**TASK ITEM**: From the records below, output exactly the lines running from the line containing "Moi c'est Madame" through the line containing "Say hello to", and no others.
SUPPLIED INFORMATION Start Marker
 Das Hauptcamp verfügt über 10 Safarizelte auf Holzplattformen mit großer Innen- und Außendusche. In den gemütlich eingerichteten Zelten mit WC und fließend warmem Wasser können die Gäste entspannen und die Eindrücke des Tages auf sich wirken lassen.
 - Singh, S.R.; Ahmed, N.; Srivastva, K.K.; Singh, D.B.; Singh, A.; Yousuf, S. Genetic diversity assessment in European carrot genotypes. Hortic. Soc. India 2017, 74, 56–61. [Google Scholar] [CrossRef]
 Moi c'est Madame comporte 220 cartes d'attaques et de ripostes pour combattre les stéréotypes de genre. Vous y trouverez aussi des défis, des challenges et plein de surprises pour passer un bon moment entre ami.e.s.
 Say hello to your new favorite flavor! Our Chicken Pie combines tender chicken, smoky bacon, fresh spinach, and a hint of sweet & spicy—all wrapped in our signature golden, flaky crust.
SUPPLIED INFORMATION End Marker
SUPPLIED INFORMATION Start Marker
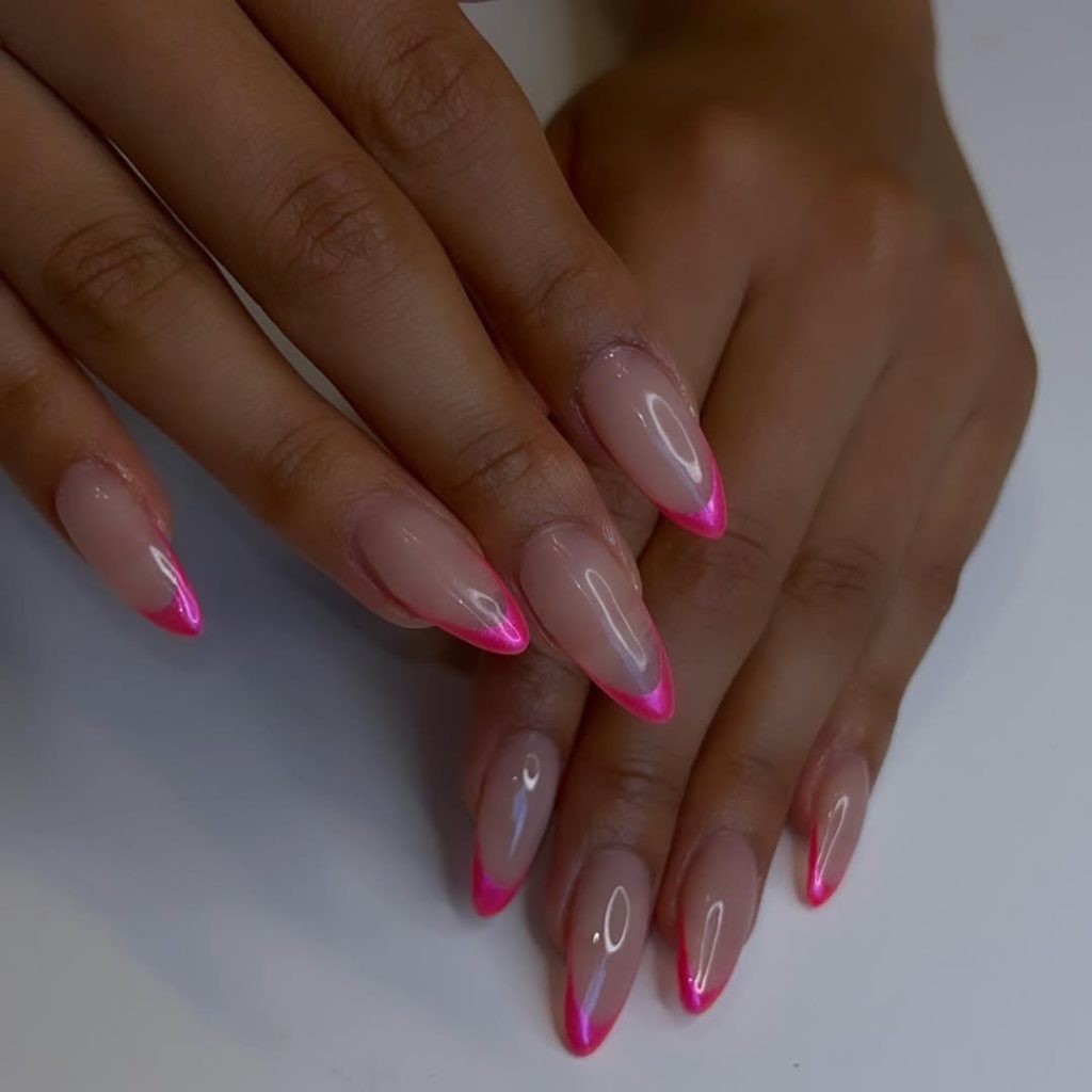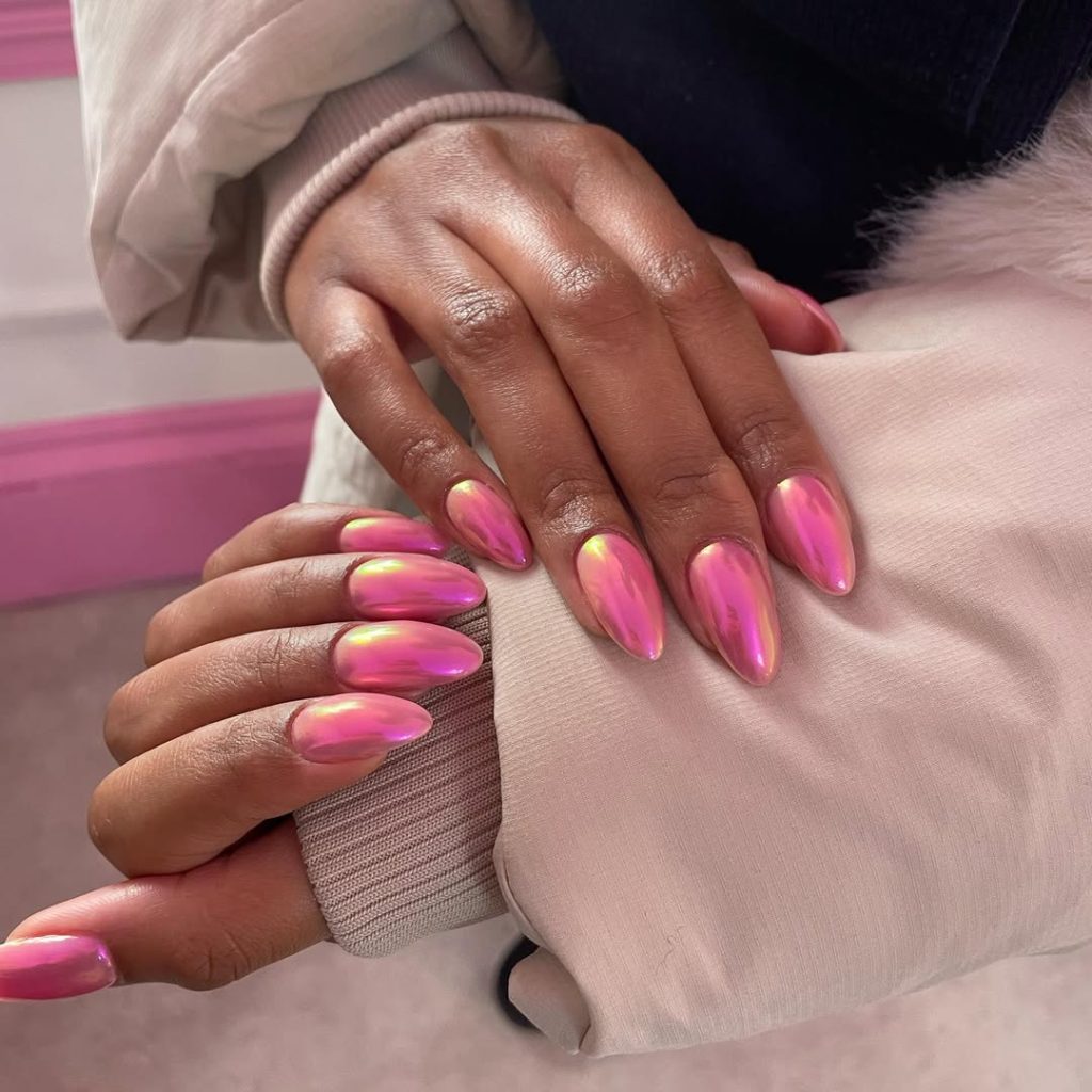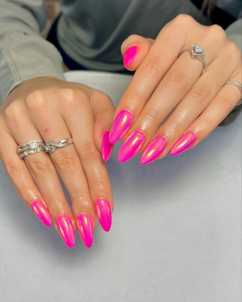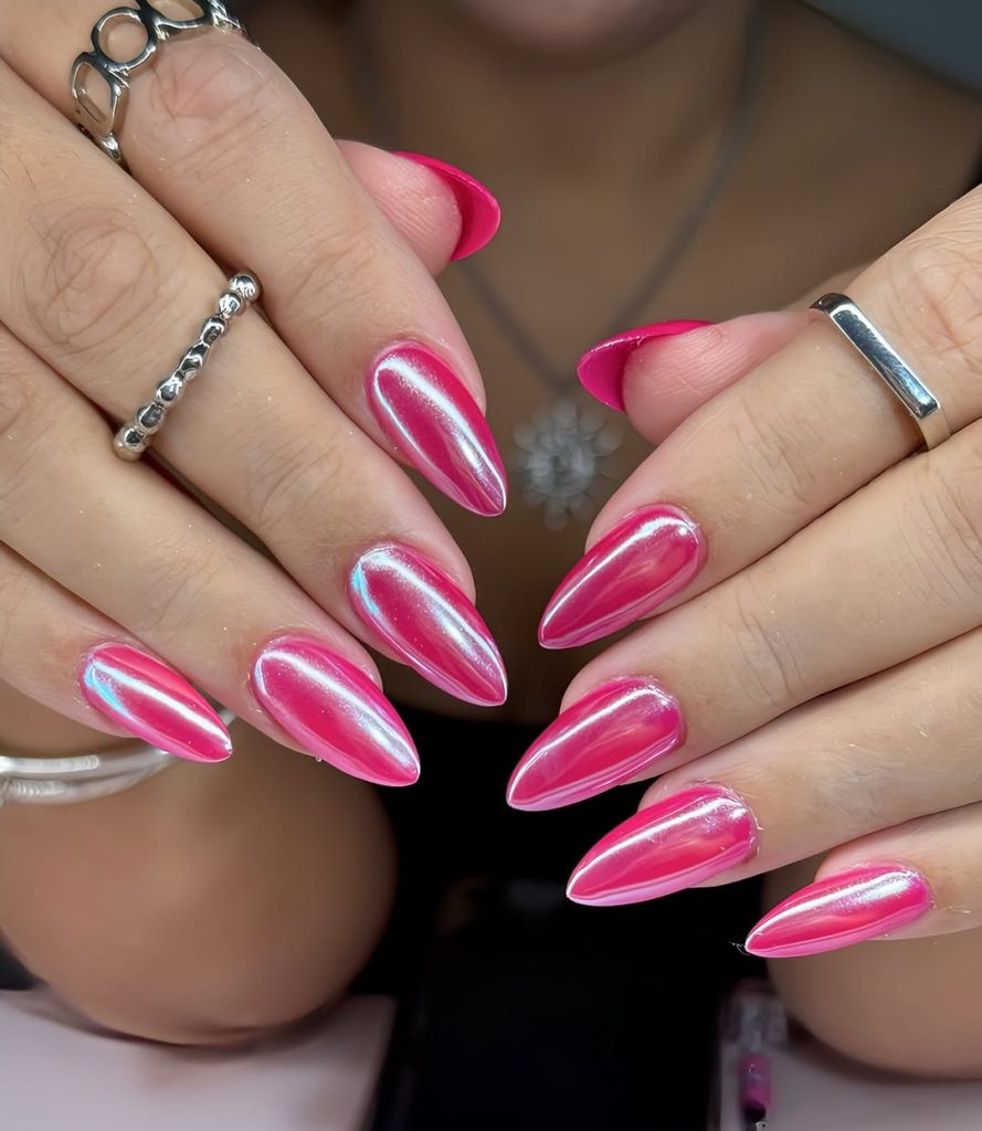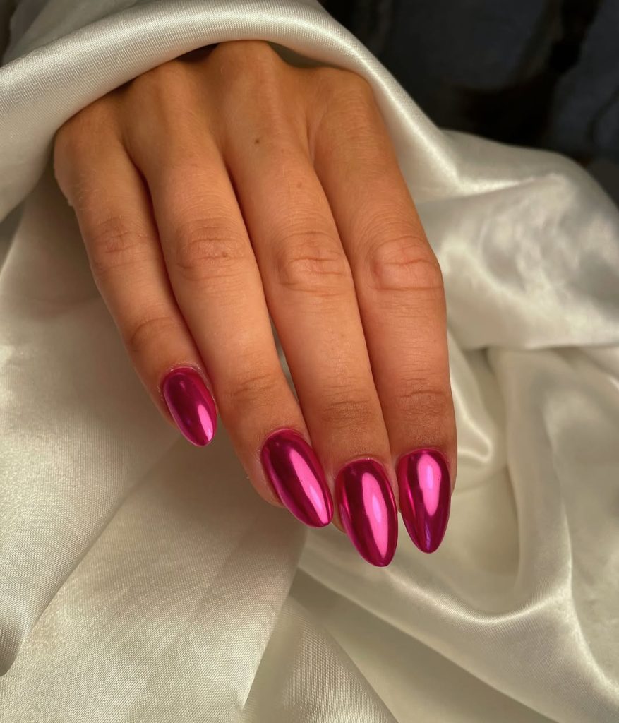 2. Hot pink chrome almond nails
SUPPLIED INFORMATION End Marker
**RESPONSE AREA**:
 Moi c'est Madame comporte 220 cartes d'attaques et de ripostes pour combattre les stéréotypes de genre. Vous y trouverez aussi des défis, des challenges et plein de surprises pour passer un bon moment entre ami.e.s.
 Say hello to your new favorite flavor! Our Chicken Pie combines tender chicken, smoky bacon, fresh spinach, and a hint of sweet & spicy—all wrapped in our signature golden, flaky crust.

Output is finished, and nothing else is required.